А в памяти уцелел дым кизяка, пестрые халаты, бег коней да шатры на степном приволье – и все. Зрелость наступила в 1797 году: академия, признав талант Егорова, обеспечила его жалованьем, дала казенную квартиру с дровами и свечками, чтобы мог читать вечерами. Егоров обрел первых учеников. В характеристике его было начертано: “Свойства веселого и шутливого, трудолюбив, опрятности и учтивости мало наблюдает… сложения здорового”. В изображении человеческого тела, играющего мышцами, он стал виртуозом. Анатомию изучил лучше врача. А знание “антиков” было таково, что любую статую рисовал наизусть.
– Рисунок – это наука. Точная, как и алгебра. Но умейте соблюдать античную красоту тела, – внушал он ученикам.
В 1803 году его послали пенсионером в Рим – ради совершенствования. Итальянский язык он освоил поразительно скоро. А появление “русского медведя” (так Прозвали Егорова) было необычно. Он пришел в натурный класс, где все лучшие места были уже заняты. Егоров скромно пристроился где-то сбоку, быстро схватив карандашом натуру в самом неудобном для него ракурсе, после чего с ленцою прохаживался между мольбертами, бесцеремонно заглядывая в чужие листы.
– Вам, я вижу, нечего делать, – заметил профессор.
– Я уже закончил… Можете взглянуть, вот!
Профессор был удивлен, но выразил сомнение: русские, по его мнению, неспособны к рисунку, как итальянцы.

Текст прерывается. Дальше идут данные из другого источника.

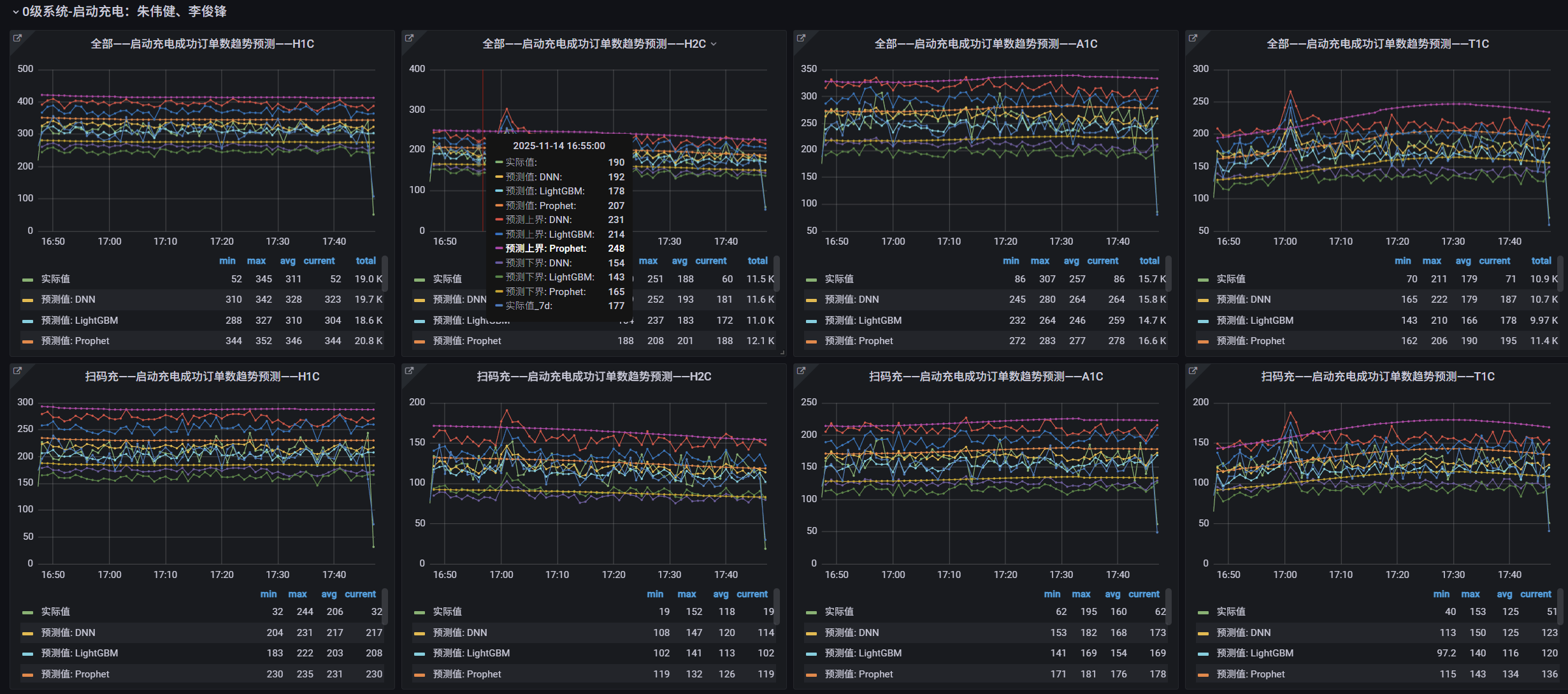 我们意识到,仅当业务流量已经暴跌时才报警,损失已然发生。为此,我们为核心业务链路引入了智能预测模型。同时与业务团队的深入沟通交流,共同识别了系统中的核心业务链路,例如“用户从登录到完成充电”的完整流程。结合InfluxDB的连续查询功能,并利用DNN、Prophet、LightGBM等模型进行时间序列预测,生成未来一段时间内业务流量的合理区间带,以此来提前感知业务流量的异常衰减或骤增。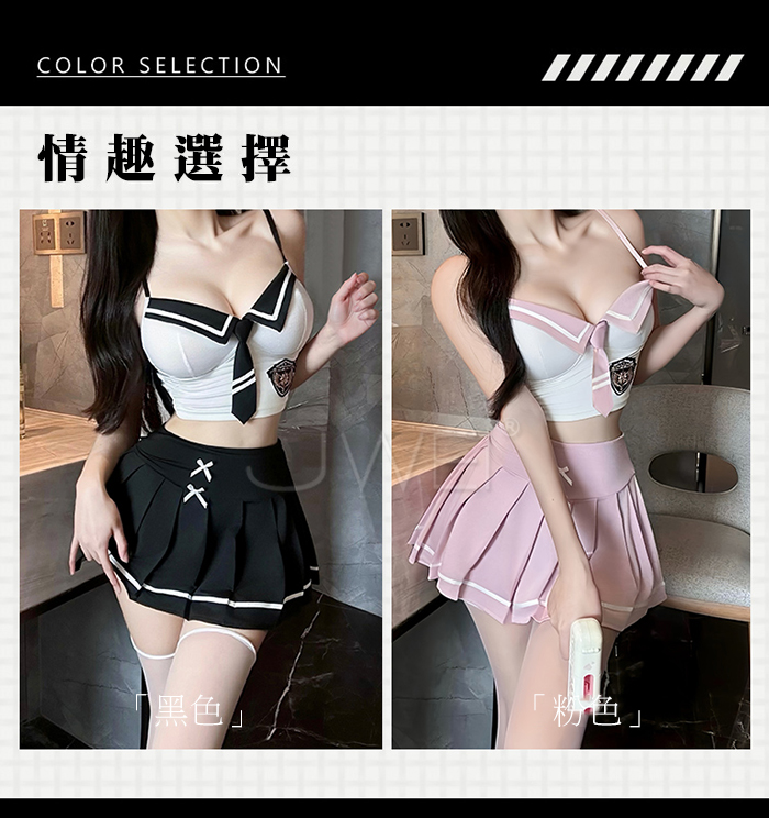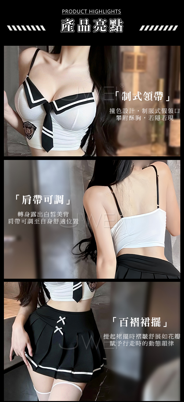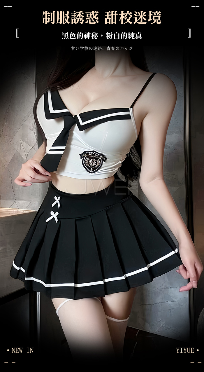 首頁>甜校迷境.純愛撞色制式領帶白褶裙學院系cos套裝【上衣+裙子】黑色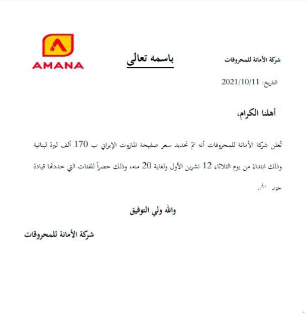 حدّدت شركة «الأمانة للمحروقات»، اليوم، تسعيرة جديدة لبيع صفيحة المازوت الإيراني ابتداءً من 12 تشرين الأول حتى العشرين منه بـ 170 ألف ليرة لبنانية، ارتفاعاً من 150 ألف ليرة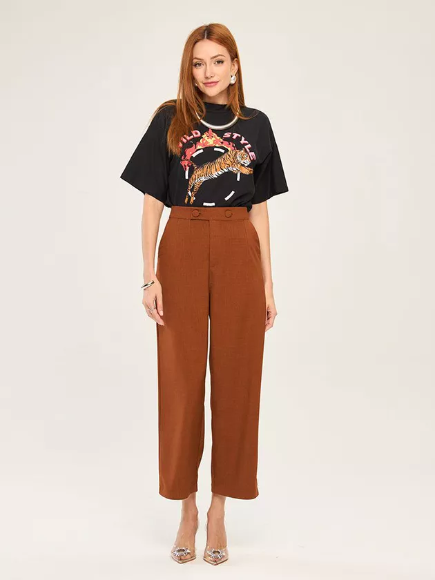 Esta new pantacourt possui detalhes de botões frontais, bolsos e é confeccionada em alfaiataria com padronagem quadriculada com detalhes em fio metalizado. Uma peça ousada e moderna.

– А вот так они могут? – воскликнул Егоров. Схватив уголь, он прямо на стене начал обводить контур человеческой фигуры, ведя линию с большого пальца левой ноги, и, не допустив ни одного промаха в рисунке, закончил его мизинцем правой ноги. – Нет, вы так не можете! – сказал Егоров и удалился…
Один из учеников кинулся к стене с тряпкою, чтобы стереть “мазню русского дикаря”, но профессор удержал его прыть:
– Оставьте! Это – шедевр гения…
Егоров был всецело поглощен изучением Рафаэля.
– Подражать великому мастеру – профанация, – утверждал он. – Но когда долго и пристально созерцаешь его шедевры, помимо воли проникаешься его же манерою…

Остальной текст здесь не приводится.